Mas eis que, quando mentalmente nos ocupamos de refutar Louçã, dizendo-lhe que não há socialismo sem democracia, que a democracia é condição necessária do socialismo, etc., eis que FL - depois de um absolutamente inócuo parágrafo sobre a insuficiência dos julgamentos e a necessidade de compreender (cujo autor, creio, é La Palice, apesar de FL não o citar) - parece querer roubar-nos as palavras da boca ou do pensamento, e escreve:
«Compreender a derrocada de uma mentira, de um sistema social esgotado no privilégio e na desigualdade, na repressão e na censura, no militarismo e no Gulag. A queda do Muro foi o episódio final de uma agonia perante a tensão social insuportável. Mas também ensina que o socialismo só pode ser o contrário do Muro: liberdade contra a censura, responsabilidade contra o controlo sindical, todos os direitos sociais, incluindo o pluripartidarismo, a liberdade de formar sindicatos ou de fazer greve.» O que só pode significar que a queda ou derrubamento do Muro, longe de ser um obstáculo que a nossa convicção socialista deve superar pela força da convicção, só pode ser saudada como um momento de libertação, uma ocasião favorável ao combate pela emancipação dos trabalhadores, uma condição de posteriores avanços na luta pelo socialismo democrático (o único concebível, ainda que sob várias formas) ou, se assim se preferir, “democracia socialista”.

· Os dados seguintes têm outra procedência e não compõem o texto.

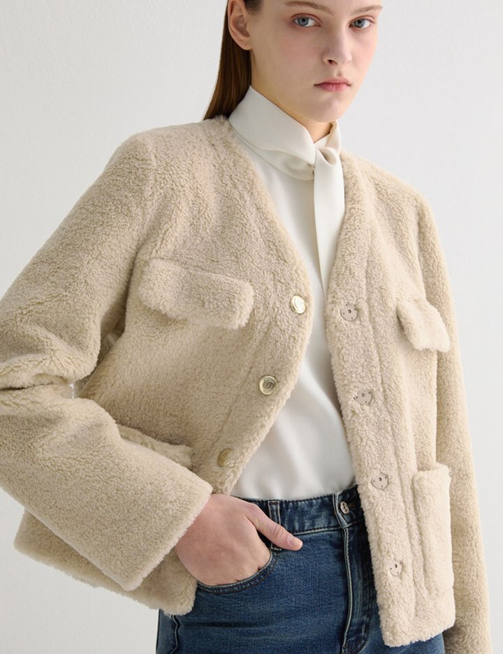 [쉬즈미스] 페이크 퍼 브이넥 자켓_SWUJKO42080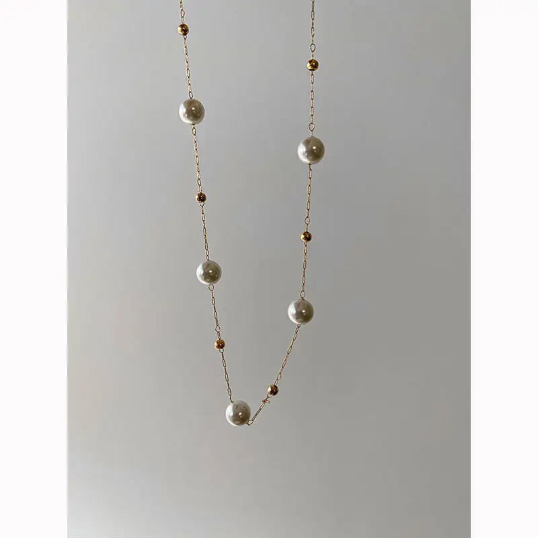 Pearl sequence necklace — crafted from high-quality stainless steel with luxurious 18k gold plating. Designed to be anti-tarnish, waterproof, and hypoallergenic, making it perfect for comfortable, long-lasting wear.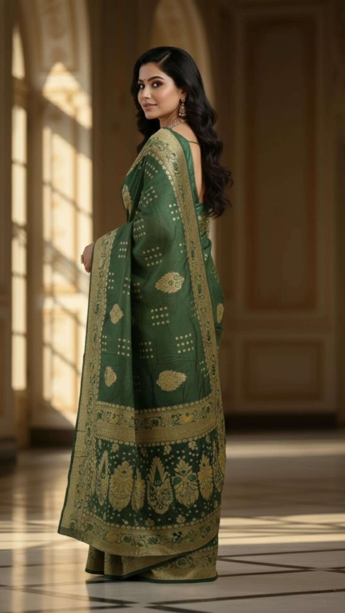 If you’re searching for a saree that gives a royal, classy, and premium look, this Bottle Green Dola Silk Saree is the perfect addition to your ethnic wardrobe.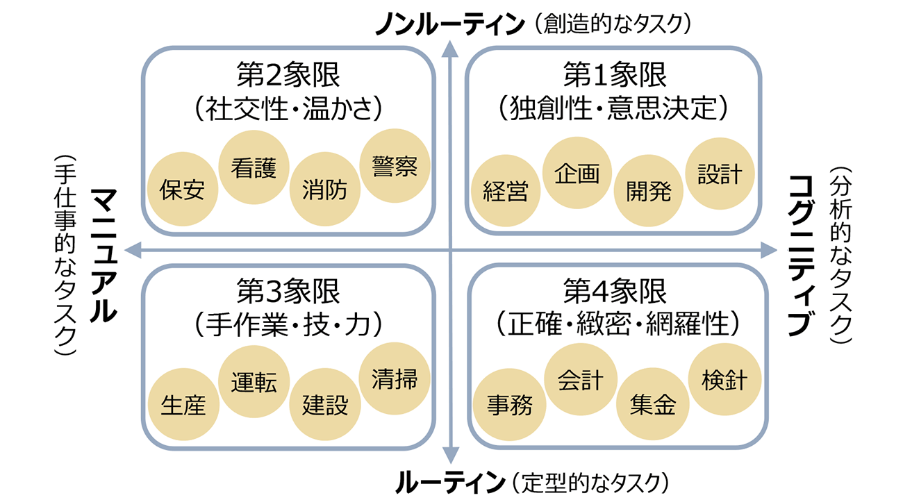 「タスクモデル」の考え方と米国O*NETの職業特性データに基づいて、日本の人材ポートフォリオを2軸・4象限上に映し出した。この結果、日本の人材の多くがルーティンタスクの領域に集中していることが示された。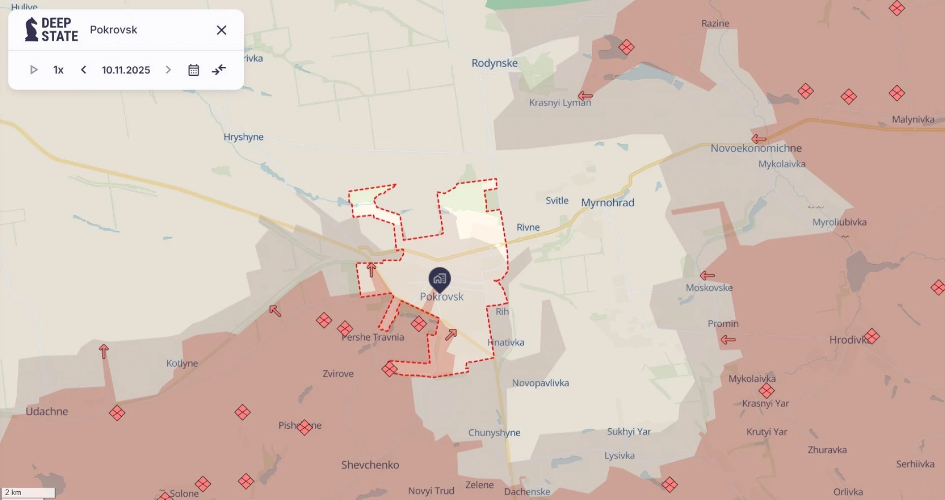 Темпото на руското настъпление в посока Покровск остава относително бавно, вероятно защото руското военно командване продължава да провежда изтощителни настъпателни операции в целия театър на военните действия, анализира американският мозъчен тръст Институт за изучаване на войната (ISW). Оценката на експертите остава непроменена - те наблюдават сравнително малко геолокализирани кадри от руското настъпление в и около Покровск в началото на ноември в сравнение с потвърденото настъпление в средата и края на октомври. Геолокализирани кадри, публикувани на 10 и 11 ноември, показват, че руските сили са напреднали в югоизточната част на Покровск, а и незначително в югоизточната част на Мирноград (източно от Покровск). Има например видео от изоставени руски мотоциклети южно от Покровск.

Em que ficamos, então? Como devemos avaliar em termos políticos este exercício de, numa só e a mesma breve página, se afirmarem duas teses antgónicas e entre as quais não há síntese dialéctica possível? Será esta a plataforma “dos socialistas de esquerda, mais precisos do que nunca”, que FL invoca nas últimas palavras do seu texto? Será esta a plataforma que FL defende como base do alargamento e reforço do BE?